You can repeat a similar process with the CO2 data (results omitted for conciseness):
summary(CO2)
View(CO2)
The data summary shows you that instead of having a variable for
year, you have the data for each year in a separate column. Addionally,
viewing the data will show you that the variable
Country Code
contains the same 3-digit country codes as the
GDP data; keep this in mind as you will want to combine these datasets
based on country matches. You will also find that you don’t need the
variables Country Name
, Indicator Name
and
Indicator Code
.
In order to combine the datasets, you need to take some additional
steps: you will need to turn the CO2 data from wide to long format so
you have a single variable year
and a single variable for
the values for the values of CO2 emissions per country and year.
Additionally, you want to rename your variables so they are consistent
across datasets.
The previous workshop already touched on the
pivot_longer()
function to convert from wide to long
format. Remeber that the arguments that you need to specify are the
columns you want to convert (in this case the years between 1960 and
2020), the variable name of the new column storing the years, and the
variable name of the new column storing the values of CO2 emissions.
Note that if a column name in R starts with a number or includes
spaces, you need to wrap it in backticks (`) when referring to them.

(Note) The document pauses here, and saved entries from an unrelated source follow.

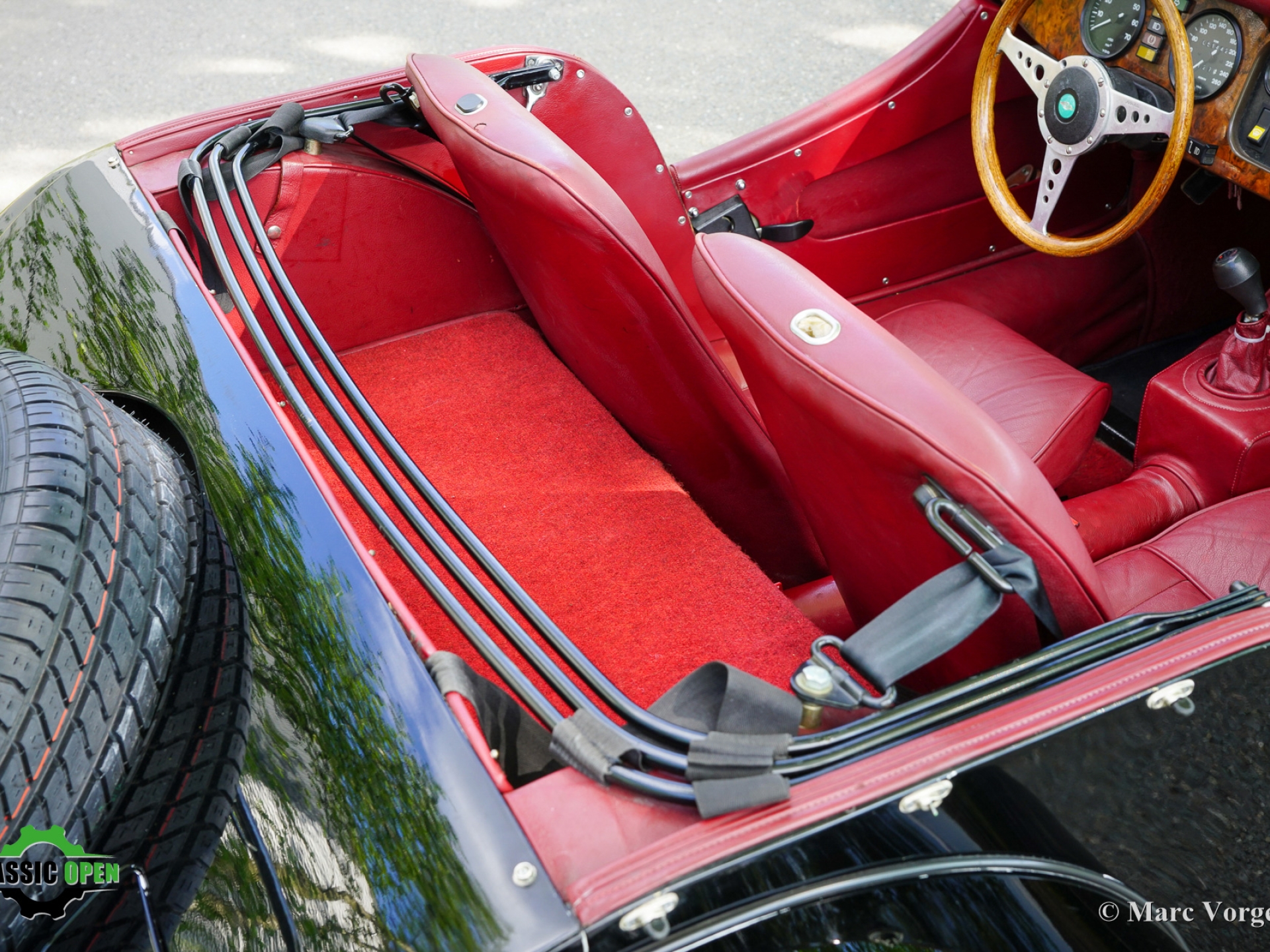 Chassis (VIN) number R10660. Black body colour combined with a red leather interior.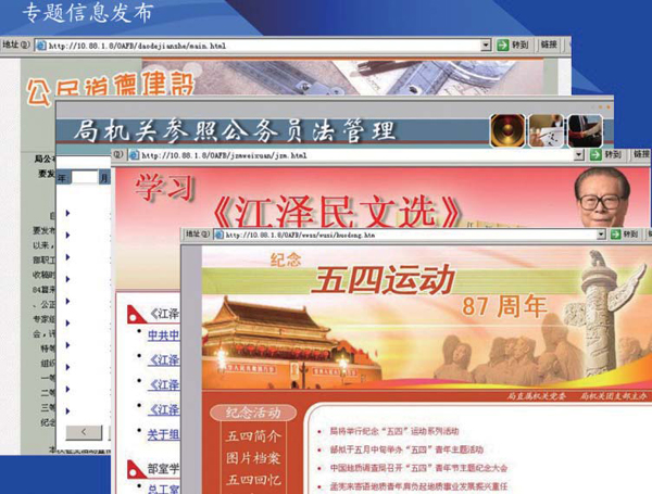 结构相结合的用户单点认证功能。办公信息发布具有灵活的用户权限分配、简便的栏目设置、信息发布、专题发布、消息提醒等功能。公文系统设计了局属单位通用的工作流和公文批单模板,实现了急件标识、超时标识、来件提醒、文件抄送、电子印章等功能。档案系统的开发与部署实现了文档一体化应用。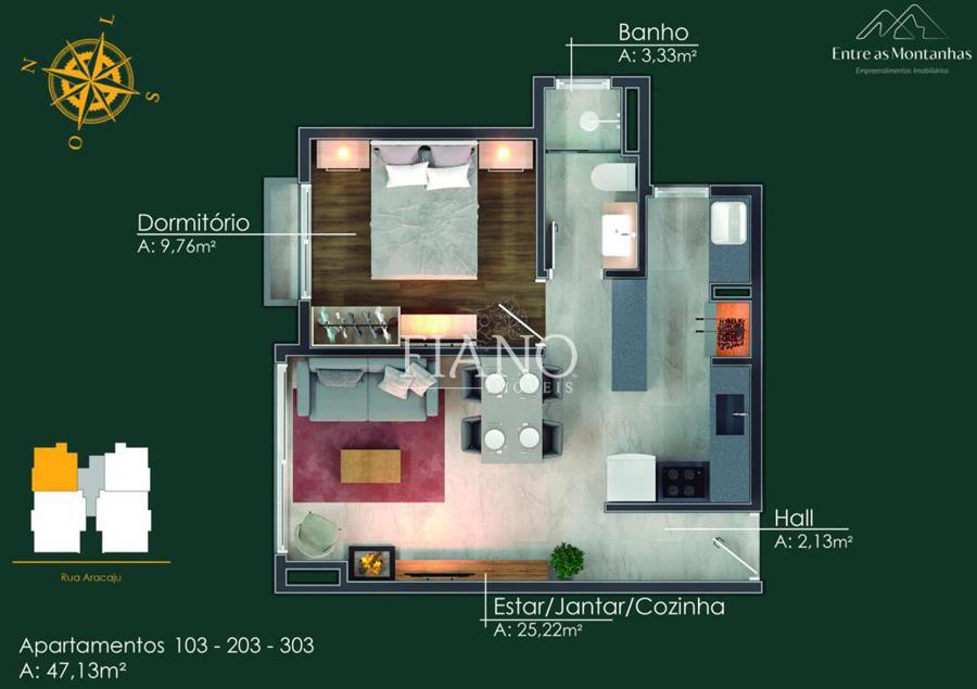 Apartamento de 1 dormitório, banho social, living integrado estar e jantar, cozinha com churrasqueira, área de serviço e 1 vaga de garagem.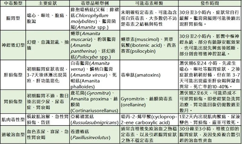 毒蕈的有毒成分十分複雜,且所含毒素種類通常不只一種。毒素除了存在於特定蕈類品種之外,還可能因生長環境、時間、季節等外在因素,而出現毒素種類以及含量上的變化。主要的毒素類型,依影響的器官系統可大致分為腸胃型、神經致幻型、肝損傷型、腎損傷型、肌肉毒性型及過敏溶血型等,由於毒蕈毒素通常無法經加熱烹煮去除,因此一旦食入,極有可能產生程度不一的毒性危害。以下就較重要的中毒類型、毒蕈品種、可能毒素種類以及發作時間簡要說明如下: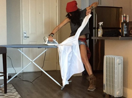 Mihaela Rădulescu este fată de casă. Vedeta şi-a uimit fanii, după ce a făcut publică o imagine în care apare în timp ce îi calcă o cămaşă iubitului ei.
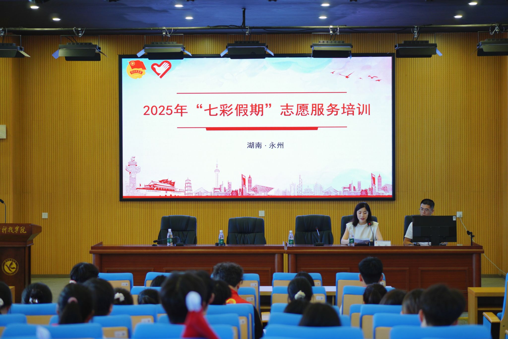 本网讯(通讯员 王子君)7月2日上午,永州市大樟树“七彩假期”志愿服务出征仪式暨培训会在beat365举行。共青团湖南省委社会联络部副部长李慰,共青团永州市委副书记李彬彬,beat365学生工作部部长谷利民出席仪式。beat365共50余名青年志愿者代表参加本次活动。
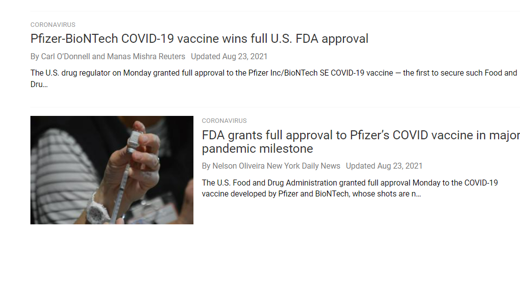 A search at NH ABC affiliate WMUR for the word Comirnaty produced zero results. Yuu can’t even find old reporting on the so-called approval. It’s been scrubbed.

Also note that a shortcut for referring to a range of columns is the
format first column of range:last column of range
. So in
order to select the range of year columns you will need to specify the
pivot_longer()
function as follows:
CO2_longer <- pivot_longer(CO2, cols = `1960`:`2020`, names_to = "year", values_to = "CO2")
Viewing the results shows that indeed you now have a variable
year
for year and a variable CO2
for the value
of CO2 emissions.
While now the datasets are in a similar format, the variable names
are still not consistent across datasets or convenient to work with.
This problem can be easily fixed using the rename()
function, which has the format
rename(data, "new_name" = "old_name")
. Since the variables
year
and CO2
were already renamed when
creating the object CO2_longer
, we can use that data and
only rename the variable Country Code
.
GDP_renamed <- rename(GDP,
"country" = "LOCATION",
"year" = "TIME",
"GDP" = "Value")
CO2_renamed <- rename(CO2_longer,
"country" = `Country Code`)
The previous workshop already covered the select()
function to only keep certain variables, and the filter()
function to filter only relevant observations. Remember that both
datasets have unnecessary variables that should be removed, and that you
want to only use GDP/capita and not GDP in million US dollars.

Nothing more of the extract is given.